1. Field of the Invention
The present invention relates to a charge pump attached to a center section in a hydrostatic transmission (hereinafter referred to as an "HST"), and more particularly to a charge pump whose support mechanism is simple in construction and inexpensive to produce.
2. Related Art
It is well-known that a charge pump for supplying operating oil to an HST may be mounted in close contact with one surface of a center section of the HST. The charge pump may be housed in a housing and driven by an input shaft of the HST which perforates through the center section. Such an arrangement disclosed in Japanese Utility Model Publication No. Hei 6-12276 which was filed by the same applicant as the present application. In such an arrangement, the pump casing which contains the charge pump is flexibly supported by a disc spring (rather than by bolts) disposed between the lower surface of the center section and the inner bottom surface of the housing. The charge pump is biased toward the horizontal lower surface of the center section so as to come into close contact therewith. This provides a charge pump with a self-charging relief function.

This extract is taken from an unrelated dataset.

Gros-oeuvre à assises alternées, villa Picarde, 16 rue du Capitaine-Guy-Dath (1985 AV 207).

In such the conventional construction, a pin extends from the upper surface of the pump casing and is retained in the horizontal lower surface of the center section. As a result, the pump casing is not rotatable around the input shaft and the discharge port of the charge pump is maintained in proper communication with an operating oil supply port of the center section. Furthermore, the charge pump can move axially of the input shaft during the relief operation. When the charge pump is driven by the input shaft, a radial force or bending stress, generated at the pump casing is placed on the pin which acts as a shearing force on the pin, causing concern that the pin may be severed. Hence, a tough and highly rigid material should be used for manufacture of the pin. Therefore, the number of parts required in this arrangement is greater, leaving room for improvement in this known design.

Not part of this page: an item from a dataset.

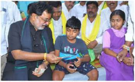
కల్వాలదుర్గం (చైతన్యరథం) : అనంతపురం జిల్లా కల్వాలదుర్గం మునిసిపాలిటీ పరిధిలోని కోట వీధిలో ఎమ్మెల్యే అమిలినేని సురేంద్ర బాబు సామాజిక భద్రత ఎస్టిఆర్ భరోసా పింఛన్ను పంపిణీ చేశారు. ఎమ్మెల్యే

అమిలినేనికి అంజనేయ స్వామి ఆలయం వద్ద పూర్వకంఠంలో స్వాగతం పలికిన డి.డి.పి నాయకులు అనంతరం అంజనేయ స్వామి ఆలయంలో ప్రత్యేక పూజలు చేసి స్వామి వారి ఆశీర్వాదం అందుకున్నారు... కానీలో పలు ఇళ్లకు వెళ్లి స్వయంగా పింఛన్ను అందజేశారు. ఒకటో తేదీ అదివారం కావడంతో ముందు రోజేనే పింఛన్ను పంపిణీ చేయడం జరిగింది. ఈ సందర్భంగా ఎమ్మెల్యే అమిలినేని మాట్లాడుతూ గత ప్రభుత్వంలో 3000 రూపాయలు పింఛన్ అందించడానికి ప్రతి ఏడాది 250 రూపాయలు పెంచుతూ ఐదేళ్లకు ఇచ్చారని గుర్తు చేశారు. కానీ తెలుగుదేశం ప్రభుత్వం అధికారంలోకి వచ్చిన వెంటనే ఎన్నికల్లో ఇచ్చిన హామీ మేరకు 4000 రూపాయలు అందించారన్నారు. ఒకటో తేదీ అదివారం అయితే ముందు రోజే పింఛన్ను పంపిణీ చేయాలని ముఖ్యమంత్రి నిర్ణయం తీసుకుని ఆయనకు తమను కూడా భాగస్వాములను చేసి పింఛన్ను పంపిణీలో ఎలాంటి ఇబ్బందులు లేకుండా అందిస్తుండటం చాలా సంతోషంగా ఉందన్నారు.

The above-described spring for creating charge relief pressure uses a disc-like spring of corrugated annular plate-type. Such a spring is relatively larger in spring constant, creating a problem when variations exist during assembly in that the relief setting pressure may differ from one device to the next.
Further, the horizontal lower surface of the center section, with which the charge pump comes into close contact, needs to be machined with high accuracy in order to reduce the rotational and sliding resistance of the charge pump. This raises the processing cost. Moreover, discharge oil from the charge pump, when the accuracy of the machining processing is poor, leaks from the sliding surface of the charge pump resulting in a reduction in the efficiency of the device.